* Work to be completed: Using the records below, repeat exactly the lines from the one holding "B. pseudocatenulatum NCU-08显著改善SAMP8小鼠衰老表型" through the one holding "claw set with", both ends included, and no others.

* Record extracts:
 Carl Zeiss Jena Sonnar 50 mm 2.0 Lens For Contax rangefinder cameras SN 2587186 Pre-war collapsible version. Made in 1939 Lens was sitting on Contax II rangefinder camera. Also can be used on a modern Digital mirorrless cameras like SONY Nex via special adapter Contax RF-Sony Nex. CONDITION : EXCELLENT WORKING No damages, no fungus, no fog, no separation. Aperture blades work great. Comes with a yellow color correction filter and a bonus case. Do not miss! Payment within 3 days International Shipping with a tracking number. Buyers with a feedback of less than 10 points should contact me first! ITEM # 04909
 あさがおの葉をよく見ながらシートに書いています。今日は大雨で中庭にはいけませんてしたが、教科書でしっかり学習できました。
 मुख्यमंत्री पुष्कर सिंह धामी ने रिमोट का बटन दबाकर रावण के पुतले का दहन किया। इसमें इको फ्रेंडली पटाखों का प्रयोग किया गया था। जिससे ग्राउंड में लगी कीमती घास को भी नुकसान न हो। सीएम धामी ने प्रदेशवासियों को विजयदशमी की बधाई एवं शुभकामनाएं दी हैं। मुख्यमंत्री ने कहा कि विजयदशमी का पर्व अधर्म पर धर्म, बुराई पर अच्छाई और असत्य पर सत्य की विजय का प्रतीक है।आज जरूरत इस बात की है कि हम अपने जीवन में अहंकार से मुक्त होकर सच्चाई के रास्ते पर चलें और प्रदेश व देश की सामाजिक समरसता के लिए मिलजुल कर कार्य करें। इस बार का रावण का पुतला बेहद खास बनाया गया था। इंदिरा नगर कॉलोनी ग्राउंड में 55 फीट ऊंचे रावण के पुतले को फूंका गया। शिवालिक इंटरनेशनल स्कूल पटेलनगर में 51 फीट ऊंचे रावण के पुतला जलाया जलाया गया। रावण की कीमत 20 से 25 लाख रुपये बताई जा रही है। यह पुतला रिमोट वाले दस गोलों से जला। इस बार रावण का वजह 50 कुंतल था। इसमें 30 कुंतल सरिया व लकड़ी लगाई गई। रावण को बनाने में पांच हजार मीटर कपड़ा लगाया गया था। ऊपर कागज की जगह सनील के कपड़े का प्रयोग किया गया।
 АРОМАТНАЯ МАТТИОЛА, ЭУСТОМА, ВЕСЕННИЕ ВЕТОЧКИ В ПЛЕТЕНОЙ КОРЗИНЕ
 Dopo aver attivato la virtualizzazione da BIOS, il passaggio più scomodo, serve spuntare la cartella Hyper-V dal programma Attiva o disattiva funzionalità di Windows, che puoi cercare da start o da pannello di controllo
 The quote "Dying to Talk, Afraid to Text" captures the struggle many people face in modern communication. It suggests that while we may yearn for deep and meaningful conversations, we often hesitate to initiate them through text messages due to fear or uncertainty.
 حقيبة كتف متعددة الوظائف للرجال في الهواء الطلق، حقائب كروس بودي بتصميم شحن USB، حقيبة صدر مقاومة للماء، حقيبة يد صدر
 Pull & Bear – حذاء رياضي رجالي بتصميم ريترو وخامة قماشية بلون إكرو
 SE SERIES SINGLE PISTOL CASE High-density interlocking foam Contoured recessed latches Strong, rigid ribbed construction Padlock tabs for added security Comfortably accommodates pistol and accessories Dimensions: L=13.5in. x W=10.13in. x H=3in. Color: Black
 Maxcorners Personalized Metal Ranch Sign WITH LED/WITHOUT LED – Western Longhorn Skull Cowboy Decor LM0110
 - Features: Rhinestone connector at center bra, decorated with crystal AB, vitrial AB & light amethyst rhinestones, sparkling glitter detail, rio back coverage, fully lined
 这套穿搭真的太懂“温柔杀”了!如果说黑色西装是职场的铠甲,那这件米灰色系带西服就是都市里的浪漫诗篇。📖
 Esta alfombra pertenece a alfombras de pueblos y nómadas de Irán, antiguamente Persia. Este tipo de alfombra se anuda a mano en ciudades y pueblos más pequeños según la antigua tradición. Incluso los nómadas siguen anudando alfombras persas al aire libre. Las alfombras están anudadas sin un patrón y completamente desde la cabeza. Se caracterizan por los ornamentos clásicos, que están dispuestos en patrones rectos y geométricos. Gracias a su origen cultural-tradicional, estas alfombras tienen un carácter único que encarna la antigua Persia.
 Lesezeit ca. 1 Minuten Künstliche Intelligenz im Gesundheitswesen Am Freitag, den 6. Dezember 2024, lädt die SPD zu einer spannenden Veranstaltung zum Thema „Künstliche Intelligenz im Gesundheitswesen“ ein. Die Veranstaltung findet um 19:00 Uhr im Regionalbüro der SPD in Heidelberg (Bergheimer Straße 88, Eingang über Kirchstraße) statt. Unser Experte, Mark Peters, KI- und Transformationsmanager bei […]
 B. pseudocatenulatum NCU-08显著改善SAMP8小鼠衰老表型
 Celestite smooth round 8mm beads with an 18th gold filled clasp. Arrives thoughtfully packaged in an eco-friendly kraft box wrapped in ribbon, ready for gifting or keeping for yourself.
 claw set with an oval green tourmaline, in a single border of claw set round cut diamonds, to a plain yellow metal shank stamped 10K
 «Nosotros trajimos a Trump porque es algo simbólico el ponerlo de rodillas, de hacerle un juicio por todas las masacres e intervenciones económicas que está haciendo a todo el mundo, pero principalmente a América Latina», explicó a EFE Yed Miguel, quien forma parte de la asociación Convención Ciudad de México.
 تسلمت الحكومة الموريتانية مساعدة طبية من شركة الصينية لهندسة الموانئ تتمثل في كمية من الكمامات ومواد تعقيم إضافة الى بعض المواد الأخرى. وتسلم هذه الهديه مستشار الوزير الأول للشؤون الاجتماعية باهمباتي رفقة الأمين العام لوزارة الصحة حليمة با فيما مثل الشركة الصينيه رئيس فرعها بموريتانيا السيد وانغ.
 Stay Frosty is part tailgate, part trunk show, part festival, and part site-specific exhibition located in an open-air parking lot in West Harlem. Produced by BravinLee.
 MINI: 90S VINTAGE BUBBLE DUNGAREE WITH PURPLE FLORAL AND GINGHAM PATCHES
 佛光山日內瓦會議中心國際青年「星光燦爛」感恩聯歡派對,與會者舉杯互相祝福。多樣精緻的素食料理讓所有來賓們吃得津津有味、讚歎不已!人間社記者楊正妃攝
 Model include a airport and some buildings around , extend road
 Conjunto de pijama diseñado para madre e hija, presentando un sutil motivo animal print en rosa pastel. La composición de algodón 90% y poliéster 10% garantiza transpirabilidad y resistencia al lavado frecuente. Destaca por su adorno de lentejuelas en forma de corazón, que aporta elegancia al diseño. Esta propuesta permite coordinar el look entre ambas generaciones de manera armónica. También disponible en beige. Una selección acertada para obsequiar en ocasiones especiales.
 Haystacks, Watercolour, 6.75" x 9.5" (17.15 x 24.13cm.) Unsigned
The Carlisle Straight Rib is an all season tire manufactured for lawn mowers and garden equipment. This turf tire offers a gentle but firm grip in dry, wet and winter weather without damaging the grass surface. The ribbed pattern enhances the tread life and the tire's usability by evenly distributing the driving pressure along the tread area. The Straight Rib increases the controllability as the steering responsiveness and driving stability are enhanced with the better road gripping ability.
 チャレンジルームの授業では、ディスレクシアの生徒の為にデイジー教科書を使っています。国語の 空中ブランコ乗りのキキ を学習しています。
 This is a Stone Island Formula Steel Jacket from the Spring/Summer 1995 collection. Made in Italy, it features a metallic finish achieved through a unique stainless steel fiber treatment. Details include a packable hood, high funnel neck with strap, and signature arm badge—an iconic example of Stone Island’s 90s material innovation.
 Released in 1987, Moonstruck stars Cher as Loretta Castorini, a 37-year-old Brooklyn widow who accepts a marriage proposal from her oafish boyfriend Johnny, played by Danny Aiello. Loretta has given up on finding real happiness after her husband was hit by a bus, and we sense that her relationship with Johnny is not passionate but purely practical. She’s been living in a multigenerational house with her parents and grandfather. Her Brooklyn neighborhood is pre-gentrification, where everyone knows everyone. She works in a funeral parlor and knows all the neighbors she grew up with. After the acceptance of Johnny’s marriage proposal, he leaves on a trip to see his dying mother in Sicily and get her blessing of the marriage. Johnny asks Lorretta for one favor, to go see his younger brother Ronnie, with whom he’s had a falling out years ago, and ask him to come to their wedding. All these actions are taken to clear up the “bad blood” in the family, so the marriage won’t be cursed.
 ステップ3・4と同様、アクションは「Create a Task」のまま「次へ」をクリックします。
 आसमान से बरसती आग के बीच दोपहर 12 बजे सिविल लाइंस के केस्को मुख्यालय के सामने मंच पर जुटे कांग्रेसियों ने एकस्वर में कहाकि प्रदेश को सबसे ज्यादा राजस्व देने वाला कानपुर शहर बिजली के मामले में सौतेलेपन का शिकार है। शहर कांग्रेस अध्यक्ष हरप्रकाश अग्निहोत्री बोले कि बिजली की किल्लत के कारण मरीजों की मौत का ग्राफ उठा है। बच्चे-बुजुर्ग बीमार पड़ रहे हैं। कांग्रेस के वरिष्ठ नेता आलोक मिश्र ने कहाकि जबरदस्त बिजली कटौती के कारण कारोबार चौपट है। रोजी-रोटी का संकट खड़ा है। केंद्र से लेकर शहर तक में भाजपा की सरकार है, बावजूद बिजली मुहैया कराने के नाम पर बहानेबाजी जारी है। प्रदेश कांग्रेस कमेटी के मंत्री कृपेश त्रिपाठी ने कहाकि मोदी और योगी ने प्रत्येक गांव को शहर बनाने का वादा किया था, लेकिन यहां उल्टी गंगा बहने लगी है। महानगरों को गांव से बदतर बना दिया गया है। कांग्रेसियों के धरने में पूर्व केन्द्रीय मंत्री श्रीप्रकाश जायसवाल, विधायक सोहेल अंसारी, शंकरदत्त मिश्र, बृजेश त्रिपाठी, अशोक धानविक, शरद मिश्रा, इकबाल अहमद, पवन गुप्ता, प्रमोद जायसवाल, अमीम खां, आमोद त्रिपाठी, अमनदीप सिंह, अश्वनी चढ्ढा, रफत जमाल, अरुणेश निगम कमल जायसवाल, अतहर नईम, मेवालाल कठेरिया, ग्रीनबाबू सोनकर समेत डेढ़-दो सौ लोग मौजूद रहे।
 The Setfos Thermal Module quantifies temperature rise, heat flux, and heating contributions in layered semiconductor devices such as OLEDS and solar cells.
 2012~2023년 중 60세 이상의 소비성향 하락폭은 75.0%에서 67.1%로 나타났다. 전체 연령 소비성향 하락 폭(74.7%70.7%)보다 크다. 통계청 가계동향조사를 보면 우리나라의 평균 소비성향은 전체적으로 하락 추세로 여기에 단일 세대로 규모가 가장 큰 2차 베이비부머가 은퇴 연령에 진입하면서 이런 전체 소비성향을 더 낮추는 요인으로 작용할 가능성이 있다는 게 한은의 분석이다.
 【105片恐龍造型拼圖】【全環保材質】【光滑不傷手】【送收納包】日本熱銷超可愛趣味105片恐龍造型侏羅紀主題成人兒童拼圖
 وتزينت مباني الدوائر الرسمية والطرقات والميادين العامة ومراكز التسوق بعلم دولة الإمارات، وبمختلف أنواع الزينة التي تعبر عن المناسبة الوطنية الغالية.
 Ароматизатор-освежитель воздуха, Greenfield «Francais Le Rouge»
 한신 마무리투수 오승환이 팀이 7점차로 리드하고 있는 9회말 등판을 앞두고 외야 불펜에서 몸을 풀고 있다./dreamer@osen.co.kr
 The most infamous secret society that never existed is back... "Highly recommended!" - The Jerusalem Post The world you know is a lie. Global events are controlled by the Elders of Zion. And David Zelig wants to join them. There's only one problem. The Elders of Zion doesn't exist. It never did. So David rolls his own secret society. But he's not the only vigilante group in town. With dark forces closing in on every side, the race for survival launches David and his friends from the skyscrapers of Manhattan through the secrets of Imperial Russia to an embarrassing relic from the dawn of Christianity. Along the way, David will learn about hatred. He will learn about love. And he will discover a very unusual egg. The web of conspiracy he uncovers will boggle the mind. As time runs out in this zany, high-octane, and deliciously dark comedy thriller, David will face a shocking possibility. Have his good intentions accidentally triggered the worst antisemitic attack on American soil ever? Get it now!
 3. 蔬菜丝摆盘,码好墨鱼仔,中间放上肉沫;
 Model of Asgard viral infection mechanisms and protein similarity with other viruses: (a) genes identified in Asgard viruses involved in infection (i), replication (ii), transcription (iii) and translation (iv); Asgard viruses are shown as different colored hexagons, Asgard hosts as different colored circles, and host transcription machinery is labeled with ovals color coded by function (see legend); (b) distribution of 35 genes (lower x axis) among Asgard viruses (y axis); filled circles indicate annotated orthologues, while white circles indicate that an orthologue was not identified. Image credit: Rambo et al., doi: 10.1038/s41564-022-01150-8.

* Exercise output:
 B. pseudocatenulatum NCU-08显著改善SAMP8小鼠衰老表型
 Celestite smooth round 8mm beads with an 18th gold filled clasp. Arrives thoughtfully packaged in an eco-friendly kraft box wrapped in ribbon, ready for gifting or keeping for yourself.
 claw set with an oval green tourmaline, in a single border of claw set round cut diamonds, to a plain yellow metal shank stamped 10K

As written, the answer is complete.